* **Task**
All lines from the one bearing "3⃣夜游还没开始!!但龙门石" through the end of the data below must be printed exactly as they stand, with pictures removed.

* **Given material**
[Start of section]
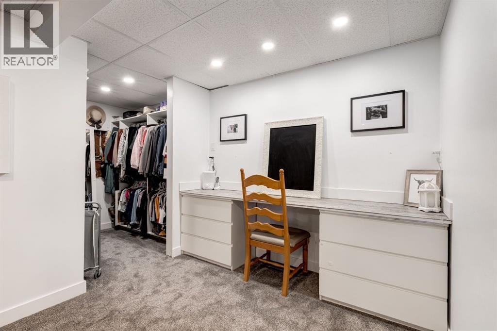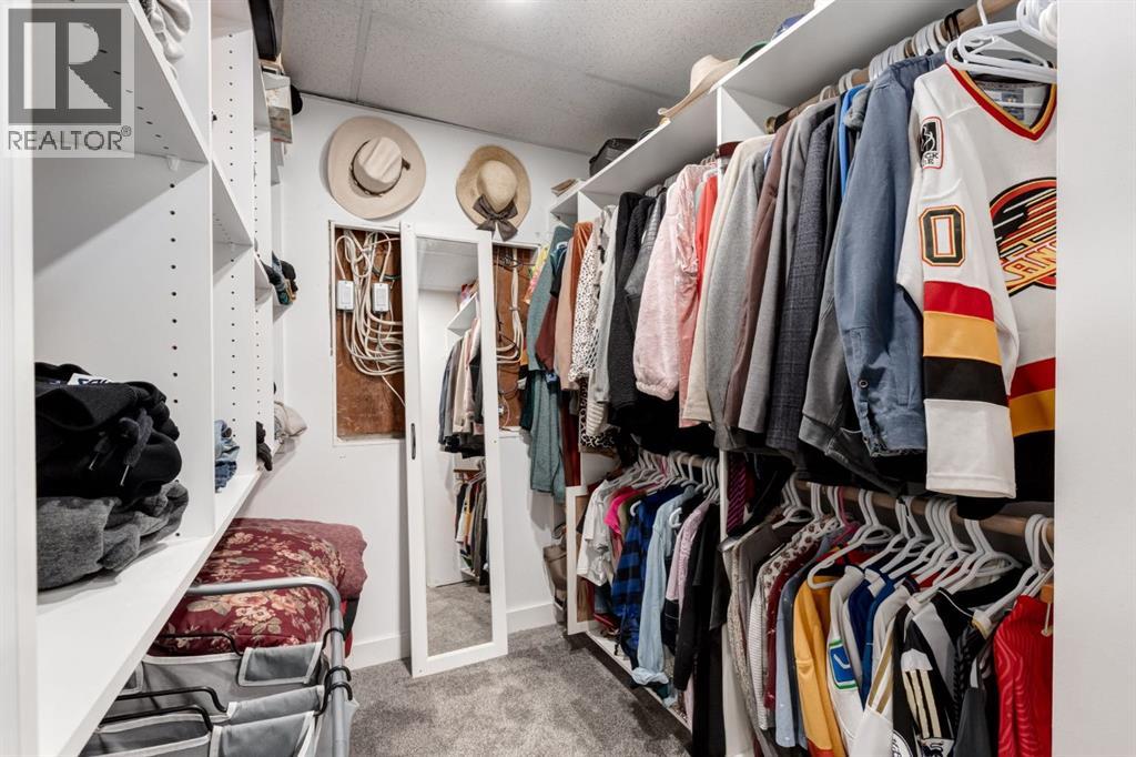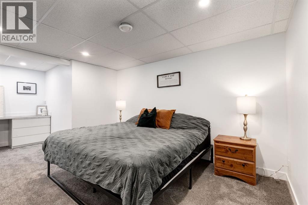 Perched on a sprawling pie-shaped lot on a peaceful cul-de-sac this expansive bungalow showcases an unbeatable location, over 2.500sqft of space, soaring vaulted ceilings, and easy walkability to Morgans Park, soccer fields, and Didsbury schools. This home has been meticulously maintained and updated over the years included a newer driveway, furnace, windows, deck, and more that allows you to not worry about replacing big ticket items. As you enter the home through your spacious entryway with room for bench seating and a walk-in closet, you will be greeted by soaring vaulted ceilings with wood paneling - a rare and elegant feature not often found in Didsbury. The main floor showcases a large open concept living space with high ceilings and is flooded with natural light through large south facing windows. The spacious dining room provides ample space for large gatherings with family and friends and is located adjacent your large kitchen that boasts beautiful, solid wood shaker cabinetry, a gas stove, stainless steel appliances, and tons of counter space and storage. The primary bedroom is large enough to fit king-sized furniture and features two closets – the walk-in closet is plumbed in for a 2-piece ensuite bathroom, which could be easily installed. The second spacious bedroom has a large, bright window, and tons of space for furniture and a desk. The third main floor bedroom provides direct access to the back deck through patio doors and could be the perfect place for a home office. Upstairs is completed with a sizable 4-piece bathrooms with beautiful tile. Downstairs is accessible through a separate side entryway that provides easy access to your oversized 24ftx24ft garage. The basement has been beautifully renovated and boasts a sprawling fourth bedroom with a stunning 4-piece ensuite bathroom, tons of storage, and a large walk-in-closet. The basement also features a large media room, gym/flex space, and a large storage and laundry area. Don’t worry about parkin g with your large, newer concrete driveway that makes the perfect place to store vehicles/RVs, and provides an amazing sport court for street hockey, basketball, and more. The expansive backyard features a newer deck, beautiful landscaping, and tons of room to play and enjoy the warm summer days. Don’t miss out on this opportunity to own an incredible home on one of the quietest cul-de-sacs in town with easy access to walking paths, golf, parks and school. (id:51989)
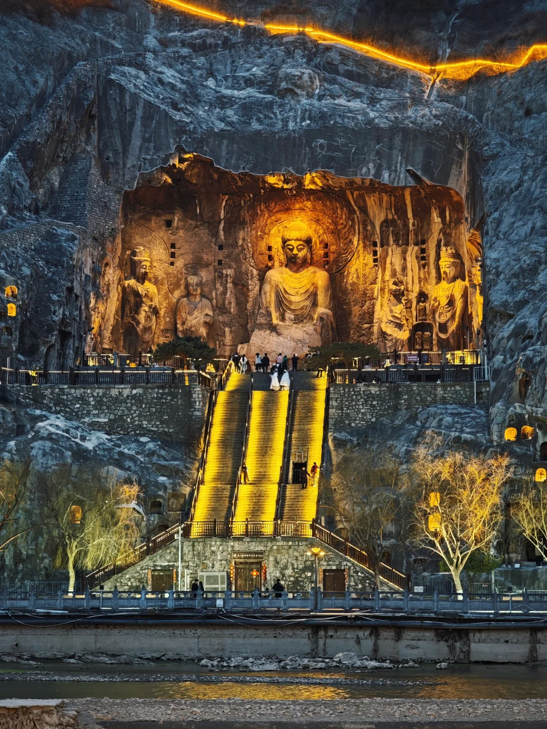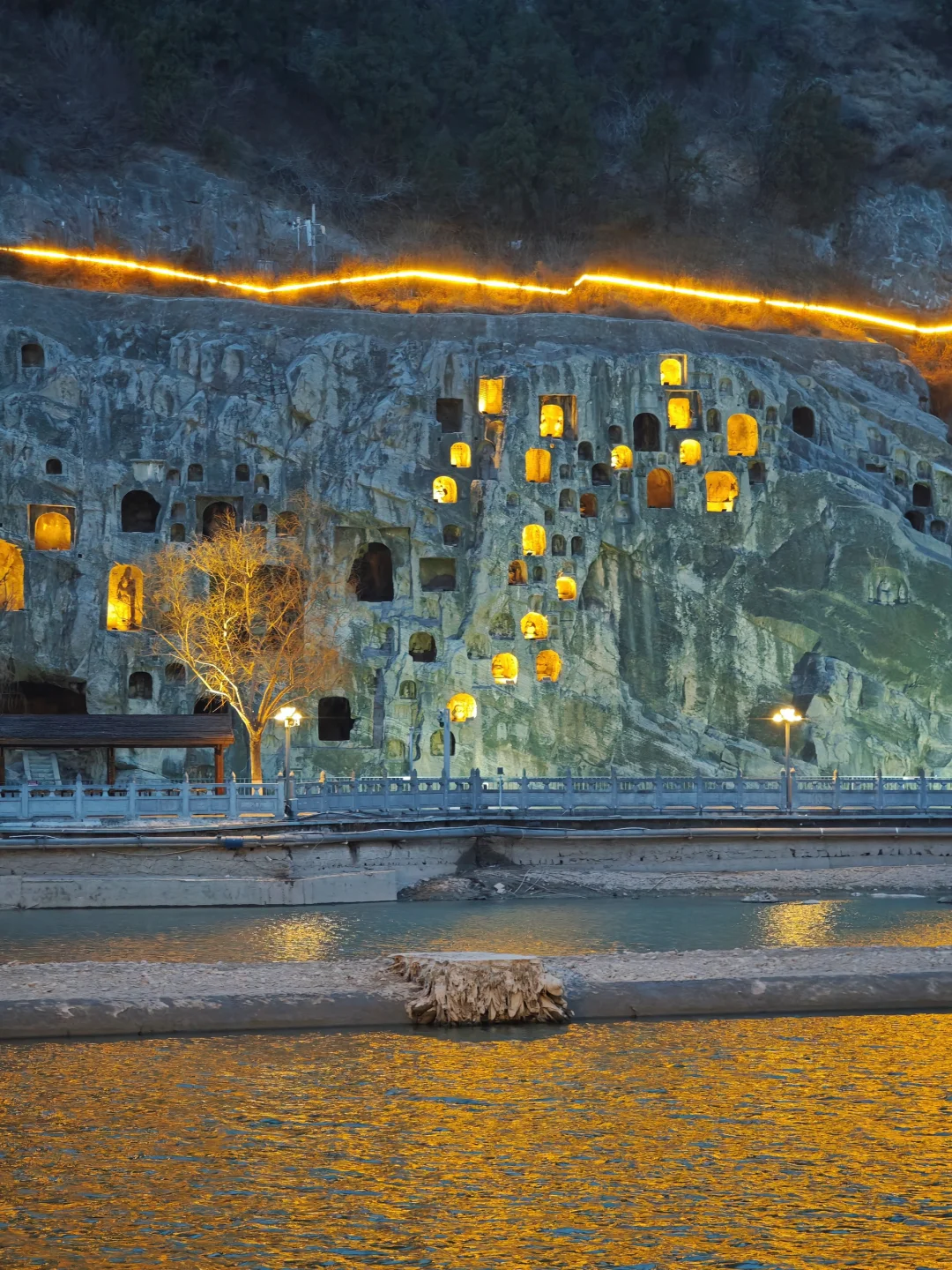 3⃣夜游还没开始!!但龙门石窟的灯是太阳能自动亮的,等清场之后,可以在礼佛台一直待到千窟灯亮起
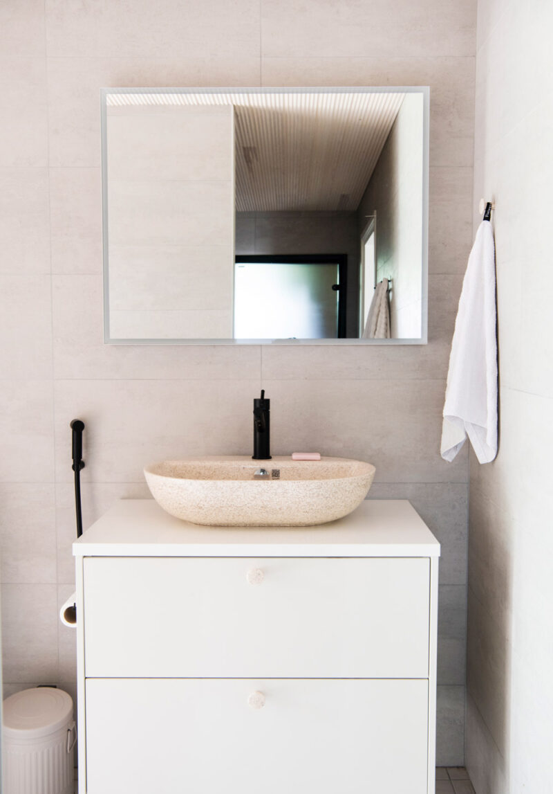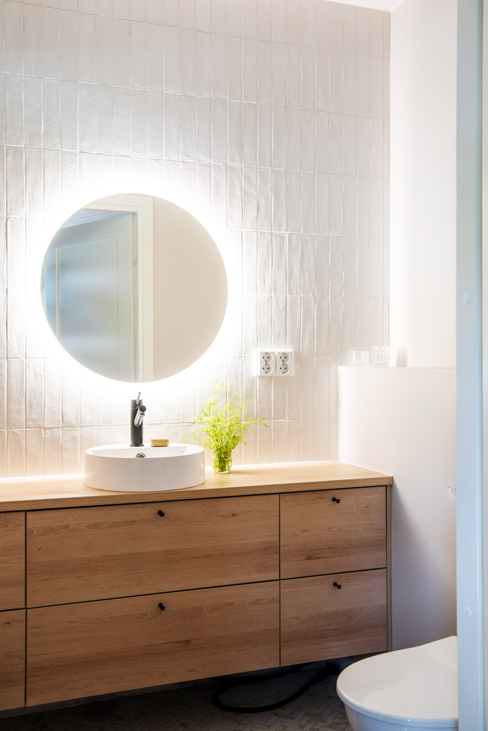 Vessan seinät kaakeloitiin Värisilmän Look R8FM Bianco Glossy -kaakeleilla, joiden käsin tehtyä vaikutelmaa valaistus korostaa. Puun värinen kaluste on Topi-Keittiöiden Aitta, sävy Rantapyökki AT13. Pyöreä, takaa valaistu peili Topi-Keittiöiden Lumi ja Lavuaari Topi-Keittiöiden Vapy. Hana on Tapwellin-mallistosta.
[End of section]
* **Output of the task**
 3⃣夜游还没开始!!但龙门石窟的灯是太阳能自动亮的,等清场之后,可以在礼佛台一直待到千窟灯亮起
 Vessan seinät kaakeloitiin Värisilmän Look R8FM Bianco Glossy -kaakeleilla, joiden käsin tehtyä vaikutelmaa valaistus korostaa. Puun värinen kaluste on Topi-Keittiöiden Aitta, sävy Rantapyökki AT13. Pyöreä, takaa valaistu peili Topi-Keittiöiden Lumi ja Lavuaari Topi-Keittiöiden Vapy. Hana on Tapwellin-mallistosta.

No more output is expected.